| Problem to solve |
In your copy, leave out the pictures and reproduce the listing below exactly.
** Opening Provided material block **
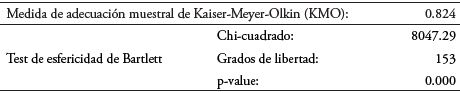 El uso del análisis de componentes principales se sustenta en la presencia de numerosas y elevadas correlaciones entre las variables (Hair et al., 2010). Por ello, también se obtiene una medida KMO superior a 0.80 (meritoria, según Kaiser, 1974) y se cumple con la prueba de esfericidad de Bartlett (Cuadro 2).
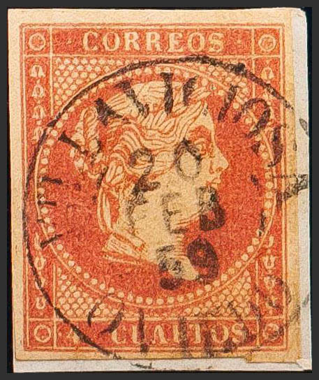 48. 1855. 4 cuartos rojo. Matasello VILLAVICIOSA / ASTURIAS (Tipo I). MAGNIFICO.
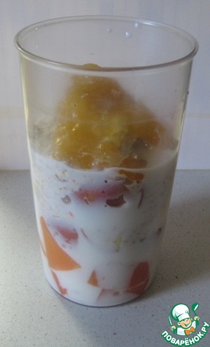 Влить молоко и тщательно взбить блендером до однородности. Разлить в стаканчики и подавать к столу!
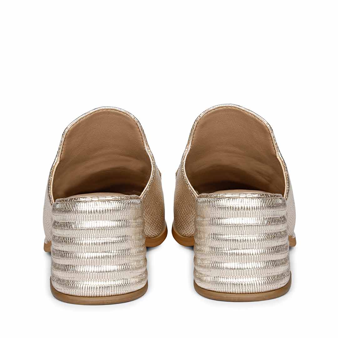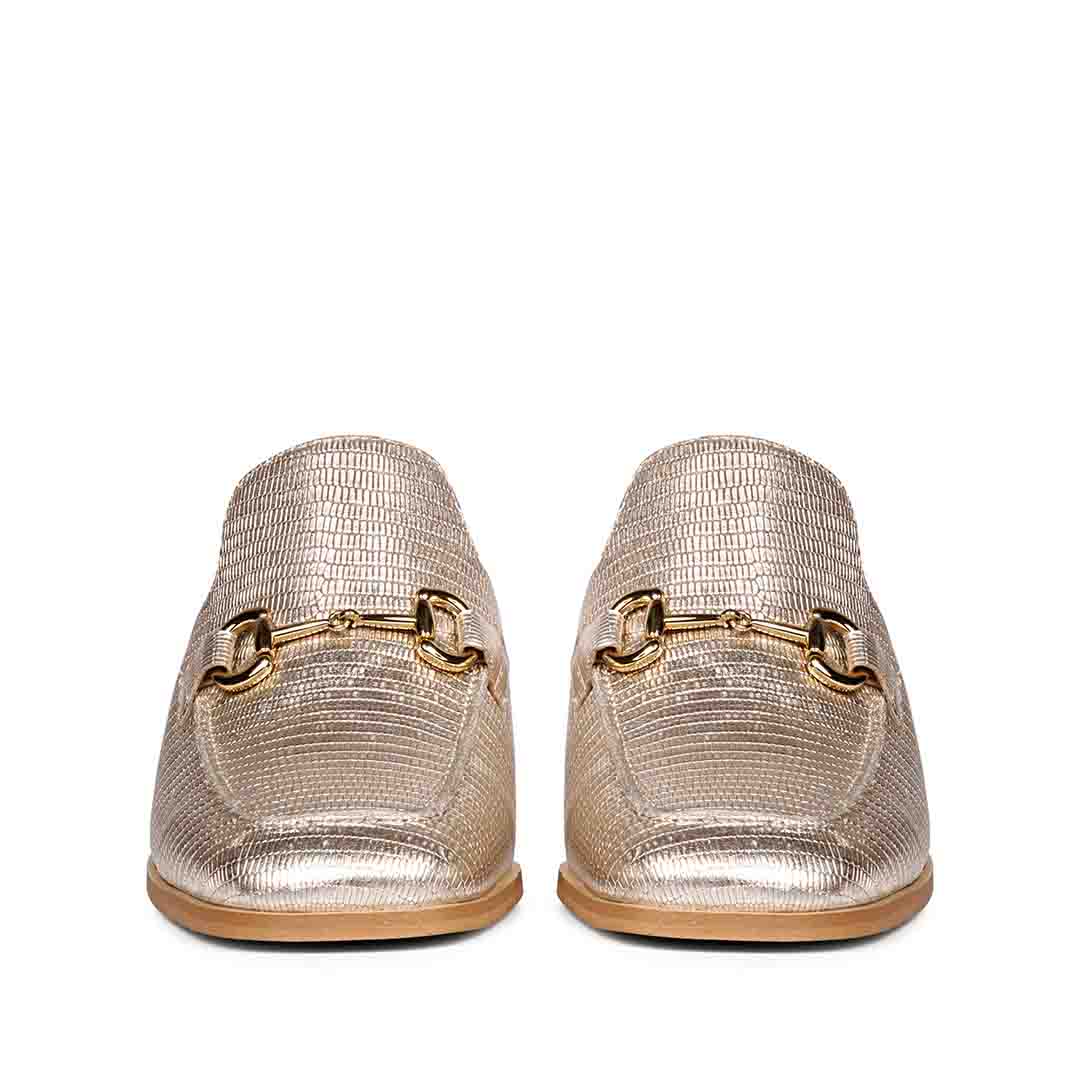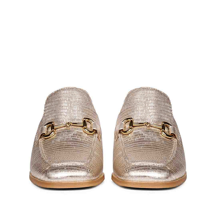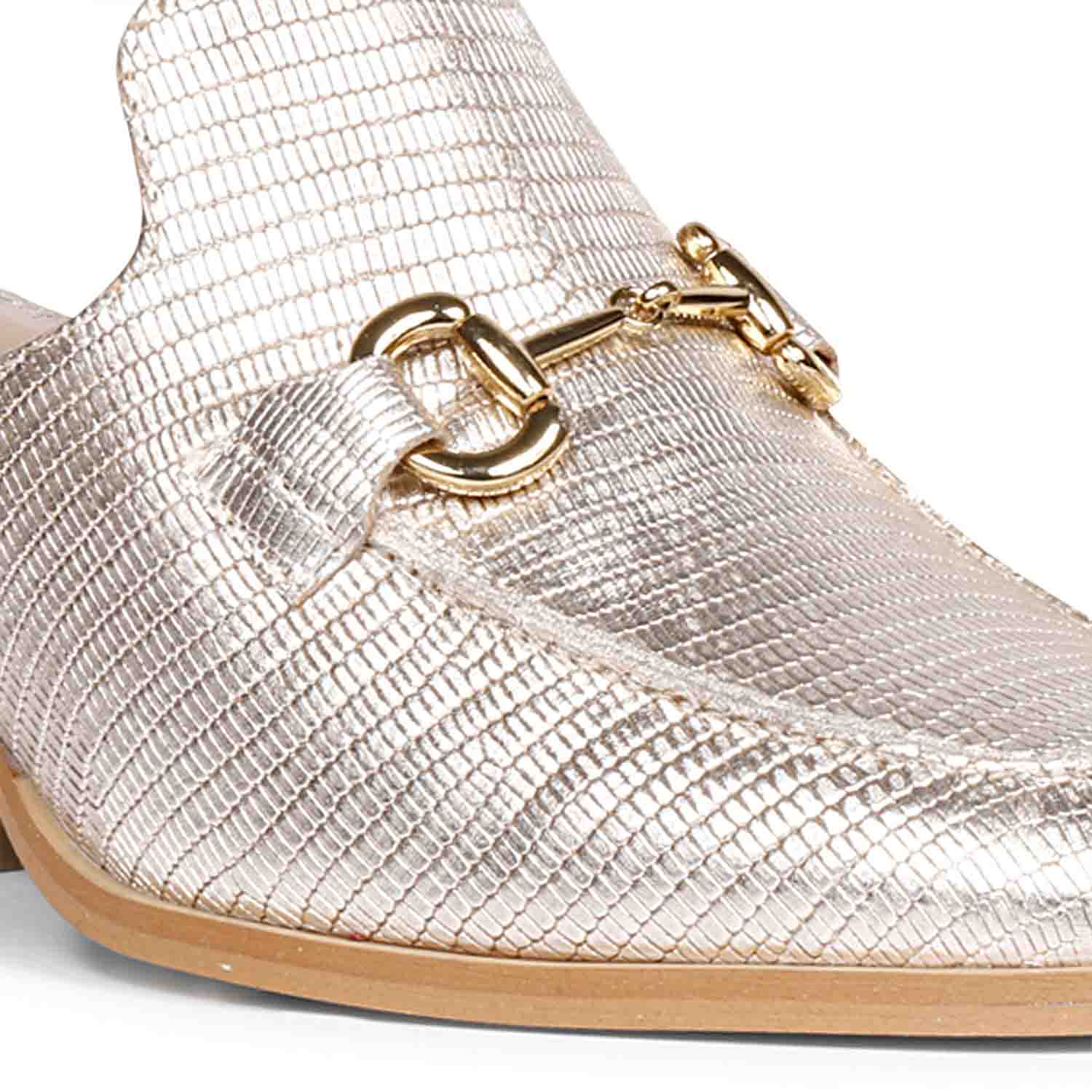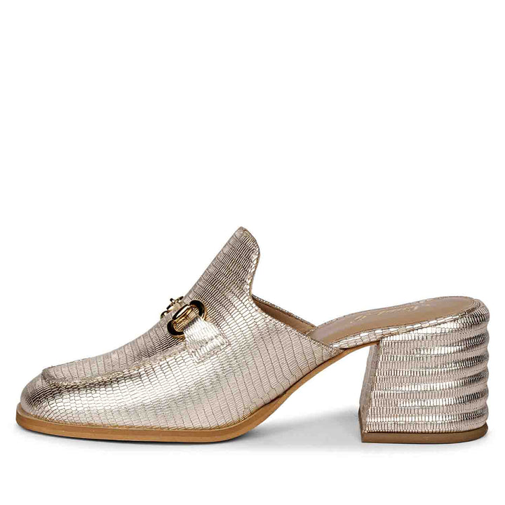 This Jasmine mule is crafted from gold lizard print leather, a decorative leather covered mid block heel, embellished with a gold tone horsebit hardware on the vamp and a slip-on design. complete with nude leather lining, a breathable padded leather insole and black tunit ribbed sole.
** Closing Provided material block **
| Answer to this problem |
 El uso del análisis de componentes principales se sustenta en la presencia de numerosas y elevadas correlaciones entre las variables (Hair et al., 2010). Por ello, también se obtiene una medida KMO superior a 0.80 (meritoria, según Kaiser, 1974) y se cumple con la prueba de esfericidad de Bartlett (Cuadro 2).
 48. 1855. 4 cuartos rojo. Matasello VILLAVICIOSA / ASTURIAS (Tipo I). MAGNIFICO.
 Влить молоко и тщательно взбить блендером до однородности. Разлить в стаканчики и подавать к столу!
 This Jasmine mule is crafted from gold lizard print leather, a decorative leather covered mid block heel, embellished with a gold tone horsebit hardware on the vamp and a slip-on design. complete with nude leather lining, a breathable padded leather insole and black tunit ribbed sole.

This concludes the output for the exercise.